Leave out the pictures and output the data verbatim.

EXTRACTED ENTRIES below:

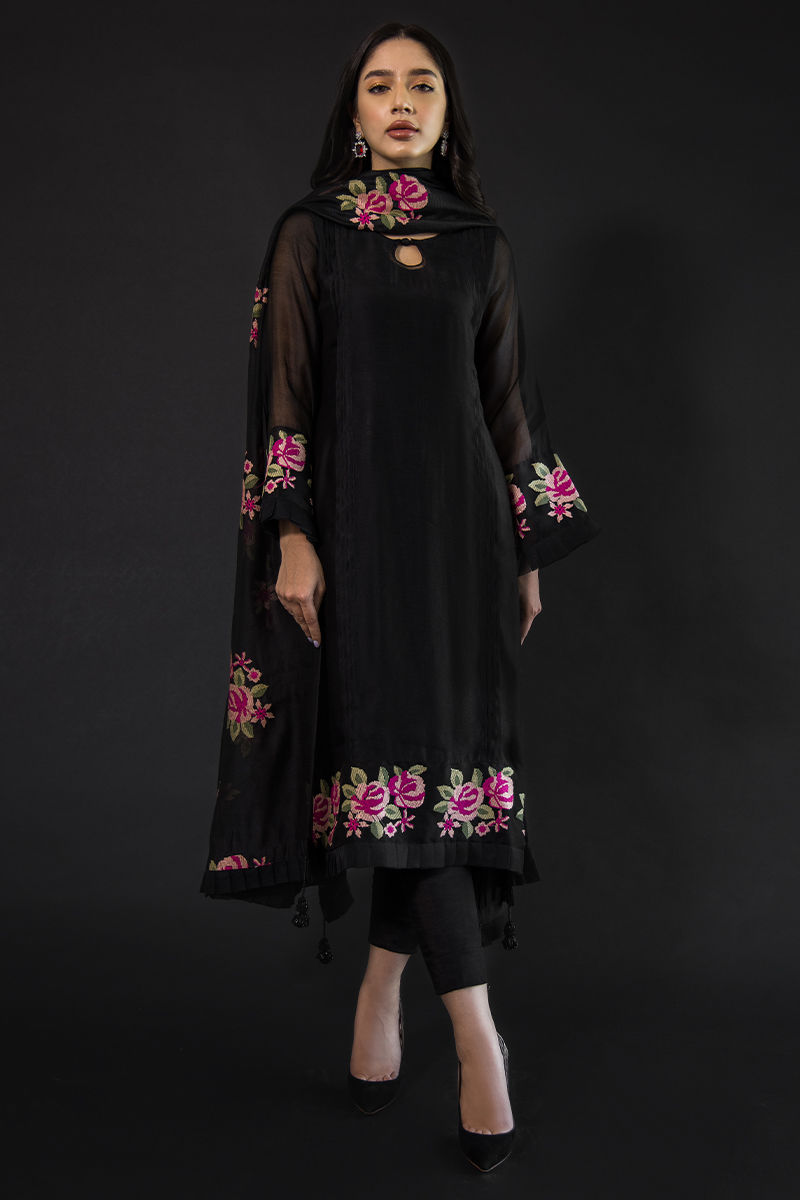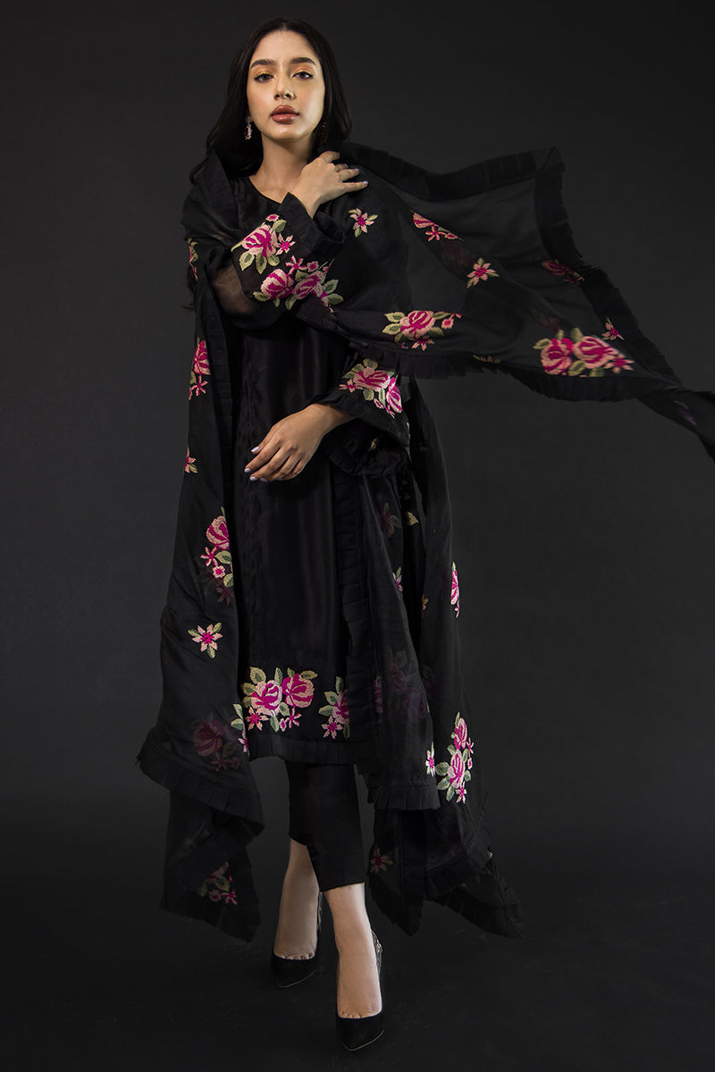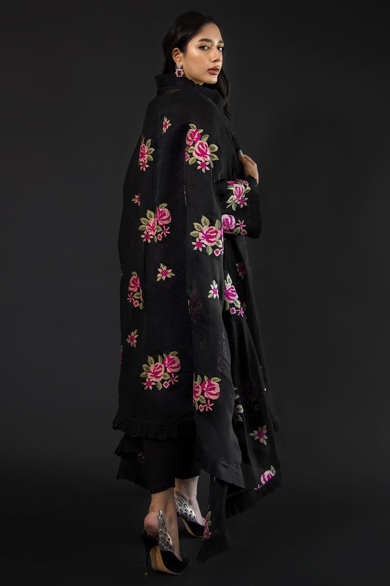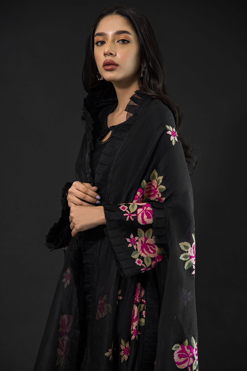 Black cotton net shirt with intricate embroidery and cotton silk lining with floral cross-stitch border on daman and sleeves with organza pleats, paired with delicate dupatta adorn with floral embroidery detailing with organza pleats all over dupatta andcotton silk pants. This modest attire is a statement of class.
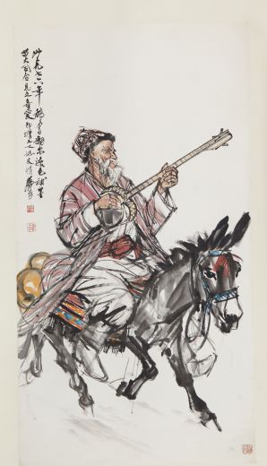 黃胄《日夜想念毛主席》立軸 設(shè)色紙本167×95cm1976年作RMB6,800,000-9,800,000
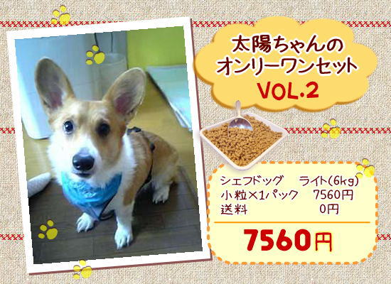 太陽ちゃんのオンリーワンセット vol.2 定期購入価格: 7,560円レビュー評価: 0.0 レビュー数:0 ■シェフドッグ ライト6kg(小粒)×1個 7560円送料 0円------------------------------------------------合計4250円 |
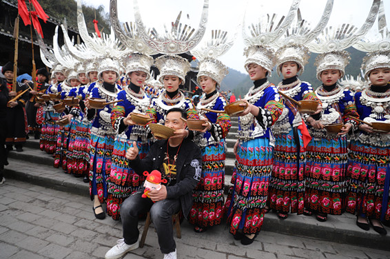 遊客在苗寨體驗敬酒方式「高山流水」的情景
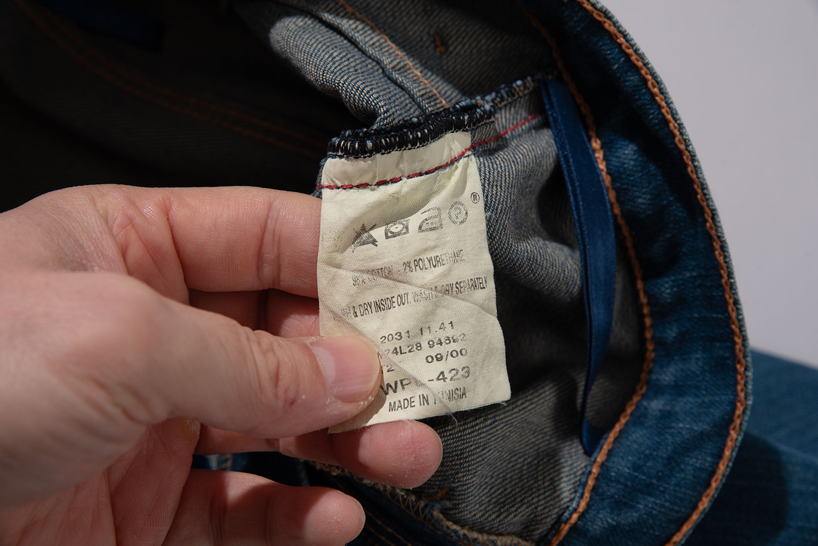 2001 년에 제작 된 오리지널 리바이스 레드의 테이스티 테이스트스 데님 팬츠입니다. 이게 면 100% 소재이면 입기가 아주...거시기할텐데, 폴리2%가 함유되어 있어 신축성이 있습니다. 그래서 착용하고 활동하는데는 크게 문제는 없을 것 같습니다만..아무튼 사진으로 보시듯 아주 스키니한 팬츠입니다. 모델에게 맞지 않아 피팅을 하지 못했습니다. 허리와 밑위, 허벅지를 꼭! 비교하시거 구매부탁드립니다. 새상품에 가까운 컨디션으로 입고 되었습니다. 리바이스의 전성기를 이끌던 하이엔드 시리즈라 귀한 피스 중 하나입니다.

End of EXTRACTED ENTRIES.

### REPLY:
 Black cotton net shirt with intricate embroidery and cotton silk lining with floral cross-stitch border on daman and sleeves with organza pleats, paired with delicate dupatta adorn with floral embroidery detailing with organza pleats all over dupatta andcotton silk pants. This modest attire is a statement of class.
 黃胄《日夜想念毛主席》立軸 設(shè)色紙本167×95cm1976年作RMB6,800,000-9,800,000
 太陽ちゃんのオンリーワンセット vol.2 定期購入価格: 7,560円レビュー評価: 0.0 レビュー数:0 ■シェフドッグ ライト6kg(小粒)×1個 7560円送料 0円------------------------------------------------合計4250円 |
 遊客在苗寨體驗敬酒方式「高山流水」的情景
 2001 년에 제작 된 오리지널 리바이스 레드의 테이스티 테이스트스 데님 팬츠입니다. 이게 면 100% 소재이면 입기가 아주...거시기할텐데, 폴리2%가 함유되어 있어 신축성이 있습니다. 그래서 착용하고 활동하는데는 크게 문제는 없을 것 같습니다만..아무튼 사진으로 보시듯 아주 스키니한 팬츠입니다. 모델에게 맞지 않아 피팅을 하지 못했습니다. 허리와 밑위, 허벅지를 꼭! 비교하시거 구매부탁드립니다. 새상품에 가까운 컨디션으로 입고 되었습니다. 리바이스의 전성기를 이끌던 하이엔드 시리즈라 귀한 피스 중 하나입니다.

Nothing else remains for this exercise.